Настя – нарушив Софкину теорию, что мама не может дозвониться, потому что нет связи, – ответила почти мгновенно:
«давай! вечром девчонки придут как раз, посидим. Во сколько будешь?»
Вот и славно. Вот и славненько!
Софка заблокировала маму. Смотрела в окно, на пролетающие деревни, и шептала одними губами: так тебе и надо. Так и надо.
***
Сумерки накрывали огороды и перелески за окнами, липли к стёклам. В вагоне включили яично-жёлтые лампы. Настины слова, без расспросов, без наставлений и оханья, помогли немного прийти в себя. Может быть, подумала Софка, девчонки будут даже кстати – в конце концов, день рождения. На этой мысли Софа то ли хихикнула, то ли всхлипнула. Глубоко вдохнула, загоняя внутрь новую порцию слёз. Посмотрела на своё отражение в окне, покачивавшееся среди берёз и проводов. Медленно выдохнула.
Поправила волосы, перевязала шарф, зашнуровала ботинки. Ничего. Когда-нибудь же будет всё хорошо. Может быть, уже даже завтра.
Чем ближе электричка подкатывала к Глазову, тем чаще Софка узнавала окружающие пейзажи. Вот дача-развалюха, принадлежавшая когда-то папиной бабушке. Вот продуктовый склад, куда они ездили на дедушкиной «Копейке» за яйцами, конфетами и мукой. Вот заброшенные гаражи – там лазили когда-то с мальчиками из началки, там она и познакомилась с Максом, а потом оказалось, что с осени он пойдёт в их школу, в их класс. А на краю поля, за купой рябин, на турслёте натягивали паутину, потом жгли костёр, жарили сосиски. Одна улетела за бревно, а потом кто-то толкнул Пончика, и он тоже упал за бревно. Встал – а на штанах сосиска.
Софа против воли засмеялась, вспомнив тот случай. Алина с Настей тогда сделали стенгазету про турслёт, заметка так и называлась: «Сосиска на штанах».
Сколько всего было в школе… Сколько всего было в Глазове. А мама взяла и вытащила, вырвала её из этого всего.

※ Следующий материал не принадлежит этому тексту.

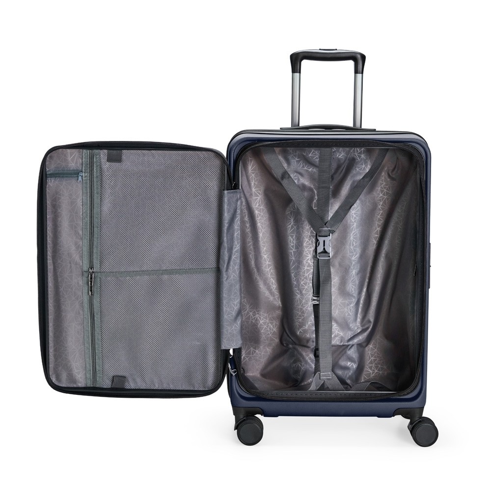 Mala de 66 litros, resistente e funcional! Produzida em plástico ABS, conta com cadeado numérico TSA embutido para mais segurança. Seu design inteligente traz abertura frontal com divisórias internas de zíperes e cinta compressora para roupas. Precisa de mais espaço? O zíper externo expansível se encarrega de ampliar a capacidade da mala. Para facilitar o transporte, possui puxador retrátil de 3 estágios, duas alças de mão, apoios e ganchos laterais e rodinhas 360º, proporcionando mobilidade total. Acompanha plaquinha metálica grafite personalizável.

Злость подкатила к горлу. Опалила всё внутри и согрела, и будто бы даже чуточку прояснилось в голове.
Это не мама. Это Дуболом. Это не мама виновата, что не сказала ей нужных слов. Это Дуболом сделал её такой.
Счастье, счастье, счастье, что Макс – не такой.

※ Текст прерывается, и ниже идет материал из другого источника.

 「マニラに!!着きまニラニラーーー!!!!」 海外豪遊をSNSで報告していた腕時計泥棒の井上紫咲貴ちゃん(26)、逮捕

Стало жалко маму; Софа мотнула головой, прогоняя жалость. Когда громыхнули двери, и уже у самого Глазова по вагону понесли горячие пирожки, она купила себе один. Взяла за самый край, откусила и принялась жевать. Пирожок оказался резиновый, как блин из «Минутки», но тёплый, с бульоном внутри. Софа проглотила пирожок в два укуса; почувствовала наконец голод и решила, что по пути к Насте зайдёт в магазин – хоть тортик купит. Куда бы забежать? Можно «Хлебосол» на Ленина – он работает допоздна. Или в «Кожильский», прямо у Настиного дома…
От мысли, что ещё немного, ещё каких-то десять минут – и она окажется в Глазове, побежит по знакомым, по любимым улицам, сердце заколотилась. На минуту Софка забыла про маму, про Дуболома, про Максима – забыла про всё и только вглядывалась в темноту, высматривая очертания гипермаркета и вокзала.

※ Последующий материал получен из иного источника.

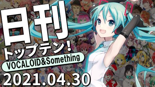 2021/4/30付けの合成音声歌唱トップテンです! ☆集計対象:2021/4/23~30 5時までに投稿の作品(4/30 5時集計) 昨日の1位は初音ミクでした。さて今日は…!?

Когда электричка затормозила, Софа выскочила в тамбур первой. Рюкзак ударил по спине; перехватило дыхание. Электричка остановилась, двери разошлись, и Софа вынырнула в холодный, влажный вечерний воздух. Застучало в ушах. Глазов встречал её белыми фонарями, моросью, чьим-то смехом на платформе. И знакомым, сладковатым запахом тополиных стволов. Они даже зимой пахли; они пахли даже под снегом, пахли так отчётливо и щемяще, что у Софки сжималось сердце.
Она остановилась на секунду. Вдохнула, вобрала в себя этот аромат. Подтянула лямки и двинулась через вокзальную площадь наискосок к аптеке. Несмотря на усталость и злость, несмотря на тревогу и неуверенность, внутри как будто мелькнула первая, далёкая ещё вспышка весны.
***
Миновав вокзальный район, Софка через старую типографию вышла на заснеженную, ярко освещённую улицу Короленко. От адреналина слега потряхивало – весь бесконечный день, с самого похода к трубе в третьем часу, крутился перед глазами.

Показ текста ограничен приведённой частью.